Simon was excited about Earth Day. He told me last night that it would be Earth Day tomorrow and that he was going to pick flowers. And apparently he did, as is evidenced in the awesome photo. He brought it home with him, and I’m not sure how/when they did it at school, but he brought it home, and it’s super pretty, I think. I’m framing it up and keeping it because it’s awesome.
That said, beyond that, this blog isn’t about Earth Day.
This is about what happens when things get cancelled at the last minute.
Today is Wednesday – the day that Simon normally goes horseback riding. He got home from school, we bundled him up in the car with a quick snack and some juice, and then we went to Sonic before horseback riding. (He is in a much better mood if he has dinner before he goes riding.)
It’s a long drive out there. About an hour if we’re lucky, an hour and a half if we’re not, and that’s when we’re using the tollway, which cuts down on time but costs extra. But it’s worth it.
Except that today, as we were eating our dinner at Sonic, my cell phone rang. I didn’t answer – it was a local number I didn’t recognize, and I don’t normally answer calls when I don’t know who it is.
Luckily, I checked it before we left Sonic.
It was SIRE, calling to let us know that because of some serious storms in area – storms that were producing hail and 70 mph winds – the lesson tonight would be cancelled.
She suggested we stay home and avoid the weather.
She obviously didn’t realize that we were about five minutes away.
So….how to handle the situation?
Simon is not good with change.
Simon is not good with it when something he wants is suddenly not his anymore.
Simon was really, really looking forward to seeing Kansas.
We went to SIRE. We let him use the bathroom, we showed him that it was starting to rain, and we were going to talk to the people there, but they were off, taking care of the horses. Instead, we explained to him, repeatedly, that the horses would be scared by the storms, and so there wouldn’t be a lesson tonight. We asked him if he wanted the horses to be scared, and he said no.
Then we left.
And he cried. He got upset. He was not a happy camper by any stretch of anyone’s imagination.
I told him it was okay to cry. It was okay to be upset. But he needed to get over it.
We took him “shopping” at some of the big box stores down the road. We wandered around, letting him get something for the drive and also giving ourselves a bit of a break before hitting rush hour traffic on the way home.

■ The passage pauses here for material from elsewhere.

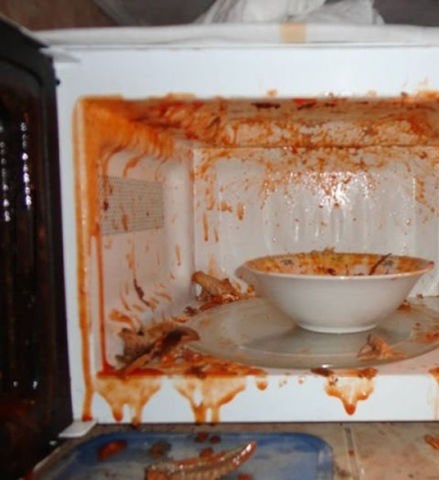 В микроволновке запросто может что-то сгореть, ведь как обычно бывает – поставили тарелку с бутербродом или попкорн на разогрев, и вышли из кухни по своим делам. В итоге, переборщив с таймером или мощностью, просто не уследив за пищей, может возникнуть тошнотворный запах гари.

And next week, hopefully there will be horseback riding.
Let’s start with yesterday.
It was horseback riding time. And since SIRE will be part of a jousting event, his teacher decided to go ahead and have a jousting class. Because, you know, kids with swords on horses…what could possibly go wrong?

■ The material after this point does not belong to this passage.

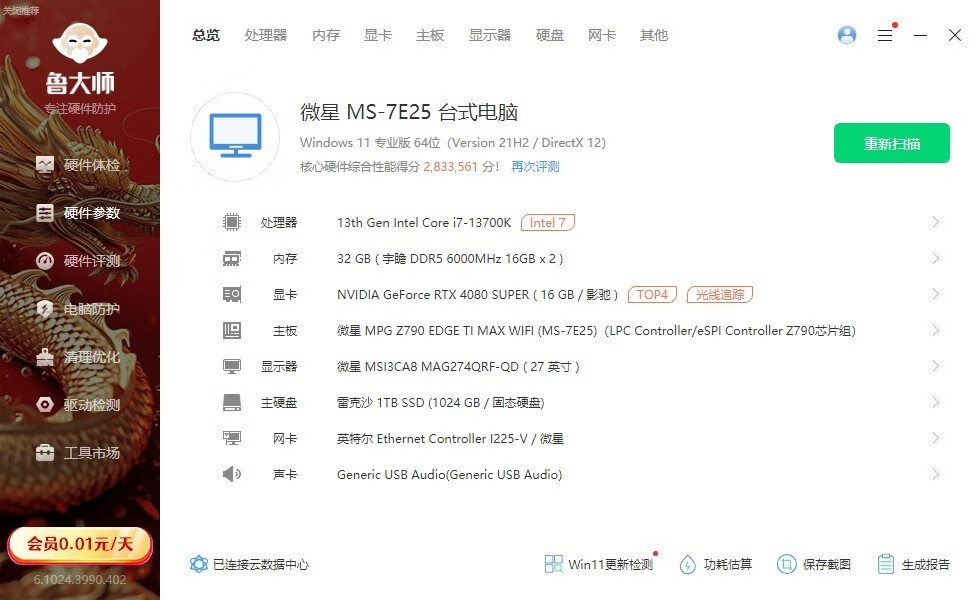 ▼整機配置一覽,處理器是13700K,顯卡是RTX4080 Super,整機配置很不錯。

Okay, to be fair, nothing did. They were foam swords, and the kids got to remove rings with them and knock rings down and ride around and wave them. (The rules included not hitting the horses and not hitting their side riders. Pretty fair rules.)
Simon had a ball.
We were both exhausted. It’s about an hour drive each way, often more because of traffic. And it has been a long, long, long, long week.
But Simon loves it. He thinks it’s cool. He can tell you the name of his horse (Kansa) and what makes him walk (walk on) and what makes him trot (trot).

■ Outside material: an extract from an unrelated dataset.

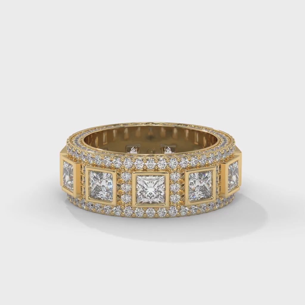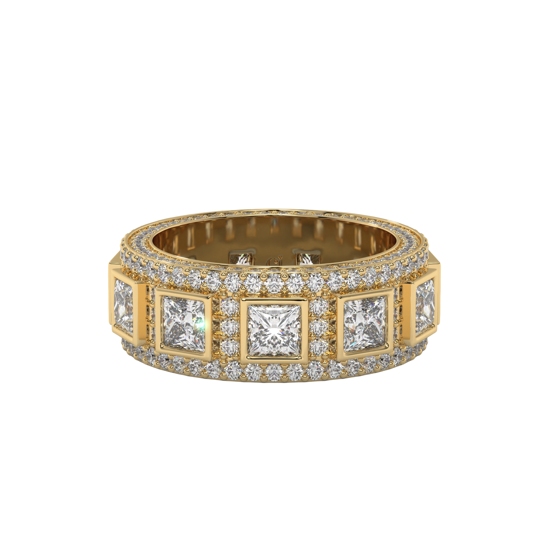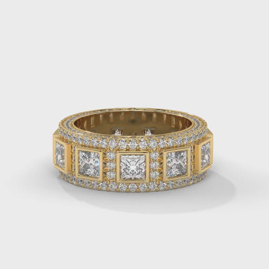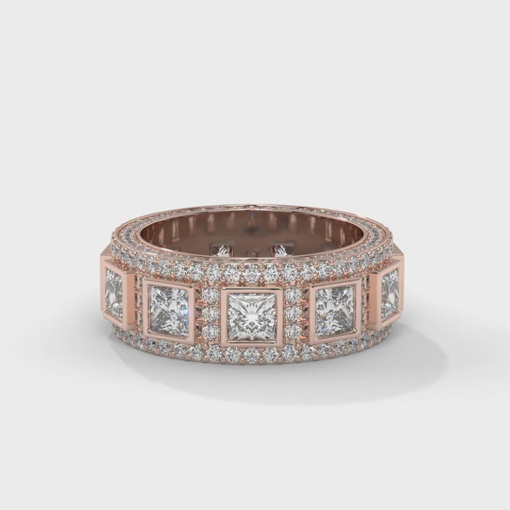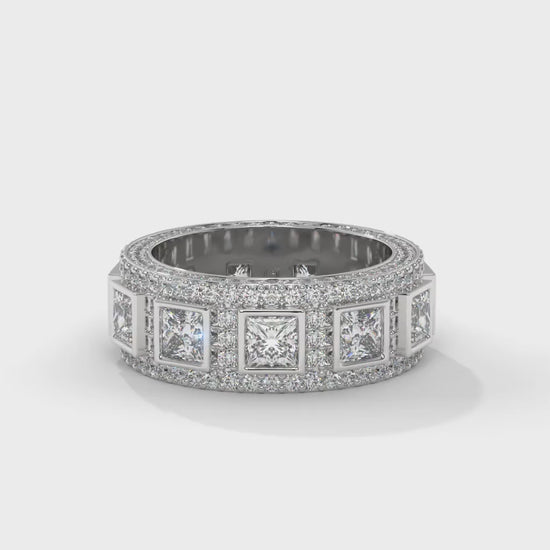 A striking band featuring princess-cut diamonds framed by shimmering pavé, exuding grandeur, luxury, and timeless sophistication.

So we’ll be enrolling him in the summer classes. And in the fall classes. And in the spring classes next year, too. Because, well, it’s horses!
And then I crashed and burned after his lesson because my head was pounding, and when we stopped for dinner at Cracker Barrel, I foolishly sat where the sun could get at me. It speared my eye on and off for the whole meal, which is what brought the headache to full migraine status. Hence yesterday’s blog.
Now, today, he got off the bus, and the bus driver motioned to me.
Apparently, there had been a kid on the bus who had gotten upset over something – not specified by her – and the kid had been whining and crying and making noise at a really high pitch. The noises had been bothering Simon, and so she wanted me to know, in case he had a bad afternoon once he was home.
Well, he didn’t seem to be bothered by the kid on the bus. But he did read the flyer that came home from school, the one that said that there was a parent support meeting tonight.
“We go to the dance,” he told me.
“We go to the dance,” he told me, pointing to the flyer he read.
“It’s not a dance,” I pointed to it. “See? Parent Meeting.”
I think you get the picture. I’m really not sure why he decided that the flyer was for a dance. He kindly pointed my finger to the “Dickinson High School” and made me read it for him so that he could repeat it multiple times.
I finally got his mini-fit calmed down by sitting on the couch with him and by reassuring him that when there was a dance, we would let him know, and, yes, he could go to school tomorrow.
(And the parent meeting tonight was also good and successful, although a bit poorly attended, possibly due to all the lovely weather rumbling through tonight.)